2025 AIChE Annual Meeting

(387cm) Advancing Various Aspects of Drug Discovery Using Molecular Simulations and Machine Learning: From Classification to Molecular Probing of Pathologies

Authors

Gül Zerze, Princeton University
Research Interests: using modeling, HPC, simulations, data analysis, deep learning, visualization, and structure prediction to advance drug discovery. The research outcomes from my projects are:
  • Enhancement of molecular simulations using deep learning
  • Development of a new force-field model that can be used to study mesoscale phenomena
  • Classification of human transcription factors using unsupervised learning on proposed feature sets
  • Development of new order parameters to study biomolecular condensation using biased molecular dynamics simulations
  • Studying RNA-protein interactions using molecular dynamics simulations

A summary of my projects is as follows:

1. Exploring the Free-Energy Landscape and Transition Paths for RNA Folding/Unfolding using a Deep Learning-Driven Simulation Technique:

Understanding the process of RNA stem-loop folding and unfolding is crucial in biology. We addressed the computational challenge of simulating RNA stem-loop folding due to the complex folding landscape that requires extensive computation. We adapted DeepDriveMD (DDMD), a deep learning technique, to simulate RNA stem-loop folding dynamics. DDMD adaptively learns a low-dimensional latent representation using an autoencoder from an ensemble of running MD simulations. DDMD then guides the simulations toward the undersampled regions while optimizing the resources to explore the relevant parts of the phase space. The method achieves reasonable free energy landscape prediction at room temperature and identifies relevant slow degrees of freedom in RNA folding. DDMD can simulate RNA folding more efficiently than conventional methods, providing insights into phase space and system kinetics without extensive computational costs.

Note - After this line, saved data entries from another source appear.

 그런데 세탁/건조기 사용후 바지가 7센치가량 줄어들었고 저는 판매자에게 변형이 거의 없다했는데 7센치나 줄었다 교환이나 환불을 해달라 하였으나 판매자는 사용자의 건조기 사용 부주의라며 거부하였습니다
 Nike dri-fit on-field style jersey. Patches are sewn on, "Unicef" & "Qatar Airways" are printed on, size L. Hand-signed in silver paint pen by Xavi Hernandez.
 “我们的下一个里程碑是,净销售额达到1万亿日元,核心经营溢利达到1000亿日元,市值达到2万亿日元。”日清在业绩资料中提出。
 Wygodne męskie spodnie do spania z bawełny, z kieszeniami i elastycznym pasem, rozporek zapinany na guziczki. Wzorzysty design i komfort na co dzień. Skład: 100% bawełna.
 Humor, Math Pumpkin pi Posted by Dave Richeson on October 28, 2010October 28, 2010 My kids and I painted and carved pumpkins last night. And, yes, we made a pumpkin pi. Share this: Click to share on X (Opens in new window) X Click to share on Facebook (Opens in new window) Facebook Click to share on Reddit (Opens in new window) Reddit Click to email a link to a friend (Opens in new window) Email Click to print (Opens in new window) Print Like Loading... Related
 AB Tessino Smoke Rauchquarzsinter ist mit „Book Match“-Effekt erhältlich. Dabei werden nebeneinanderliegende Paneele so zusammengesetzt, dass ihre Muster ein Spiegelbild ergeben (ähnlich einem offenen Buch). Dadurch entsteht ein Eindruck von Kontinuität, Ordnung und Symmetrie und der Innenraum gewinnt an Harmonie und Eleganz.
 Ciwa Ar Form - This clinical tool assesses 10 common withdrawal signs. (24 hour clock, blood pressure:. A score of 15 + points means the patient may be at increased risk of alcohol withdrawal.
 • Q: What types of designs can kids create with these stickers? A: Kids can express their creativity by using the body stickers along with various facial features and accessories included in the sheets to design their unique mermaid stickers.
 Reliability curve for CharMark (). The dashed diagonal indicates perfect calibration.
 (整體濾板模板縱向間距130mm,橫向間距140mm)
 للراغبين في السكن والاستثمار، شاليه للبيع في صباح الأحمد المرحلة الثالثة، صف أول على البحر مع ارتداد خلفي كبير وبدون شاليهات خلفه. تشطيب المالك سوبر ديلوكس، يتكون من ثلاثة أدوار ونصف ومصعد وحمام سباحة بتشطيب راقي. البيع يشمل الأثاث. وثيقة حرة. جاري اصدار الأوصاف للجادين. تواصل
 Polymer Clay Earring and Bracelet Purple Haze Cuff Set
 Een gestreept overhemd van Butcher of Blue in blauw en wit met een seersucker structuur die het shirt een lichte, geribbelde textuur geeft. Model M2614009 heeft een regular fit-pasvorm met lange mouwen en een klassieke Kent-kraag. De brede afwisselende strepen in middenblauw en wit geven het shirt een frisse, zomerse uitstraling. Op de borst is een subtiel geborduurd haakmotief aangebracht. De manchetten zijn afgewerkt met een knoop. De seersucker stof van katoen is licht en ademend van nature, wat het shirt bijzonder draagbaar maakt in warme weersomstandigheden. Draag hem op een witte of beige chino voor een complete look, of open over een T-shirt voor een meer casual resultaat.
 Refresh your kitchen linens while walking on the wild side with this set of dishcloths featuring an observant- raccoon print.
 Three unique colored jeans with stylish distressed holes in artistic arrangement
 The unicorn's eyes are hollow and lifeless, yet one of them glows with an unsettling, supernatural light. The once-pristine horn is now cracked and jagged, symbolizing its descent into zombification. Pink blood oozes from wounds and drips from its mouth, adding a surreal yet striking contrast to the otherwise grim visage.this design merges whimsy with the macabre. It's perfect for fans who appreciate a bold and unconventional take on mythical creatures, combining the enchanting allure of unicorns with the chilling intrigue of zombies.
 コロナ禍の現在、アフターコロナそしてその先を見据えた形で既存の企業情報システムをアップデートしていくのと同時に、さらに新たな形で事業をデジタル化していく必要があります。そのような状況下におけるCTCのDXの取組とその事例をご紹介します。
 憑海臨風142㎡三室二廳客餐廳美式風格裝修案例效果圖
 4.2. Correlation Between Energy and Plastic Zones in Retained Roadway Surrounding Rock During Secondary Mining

2. Cholesterol Cluster Formation in Organic Solvents

Cholesterol is an essential component of cell membranes, but high levels of cholesterol in the blood can lead to the formation of cholesterol crystals, which has been found to be preceded by formation of cholesterol clusters. In this study, we aim to study the clustering of cholesterol molecules in ethanol-water mixture (as a biomimetic solvent). We used a mesoscale solvent model developed in our lab to perform coarse-grained molecular dynamics simulations of this system. The simulations were performed at different saturation levels of cholesterol in the solvent mixture to determine the clustering pathways. Through our simulations, we determined that dimer formation precedes the formation of cholesterol clusters in ethanol-water mixture. We also identified the molecular contacts that play the most crucial role in dimer formation.

3. Classification of Human Transcription Factors via Unsupervised Learning

Transcription factors (TFs) are primarily constituted of DNA-binding domains (DBDs) and effector domains, the latter being the portion of the TF that wields influence over the interactions responsible for promoting/inhibiting transcription. A preponderance of studies focuses on DBD-DNA binding that advances our understanding of the structural and functional properties of DBDs, while for effector domains, regardless of them being focally crucial to the process of transcription, there has been a major knowledge gap, especially relating to those associated with Human Transcription Factors (HTFs). This abundance of information on DBDs has resulted in the HTFs being classified into multiple families based on their DBDs, while for effector domains, such classification schemes are nonexistent. We have developed descriptors based on the sequence-dependent properties of the full TF sequences and their effector domains and created a hyperparameter space in order to classify the HTFs based on their effector domains. For this purpose, we employed unsupervised machine learning to classify them into effector domain-based clusters.

4. Effect of RNA Binding on Structured Domains of Intrinsically Disordered Proteins (IDPs)

Protein-RNA interactions have a profound role in the formation of liquid-like biomolecular condensates. There are a plethora of computational studies on such interactions, particularly FUS (an IDP) and its target RNA, but none of those could provide converged results, owing to the large amount of simulation times required because of system sizes. In this project, we used enhanced sampling techniques to generate atomistic insights about the role of RNA’s structure and the RGG domain of FUS in its conformational changes. We have identified the artefacts associated with the use of different force fields and the role of RNA’s structure on the stability of the folded part of FUS.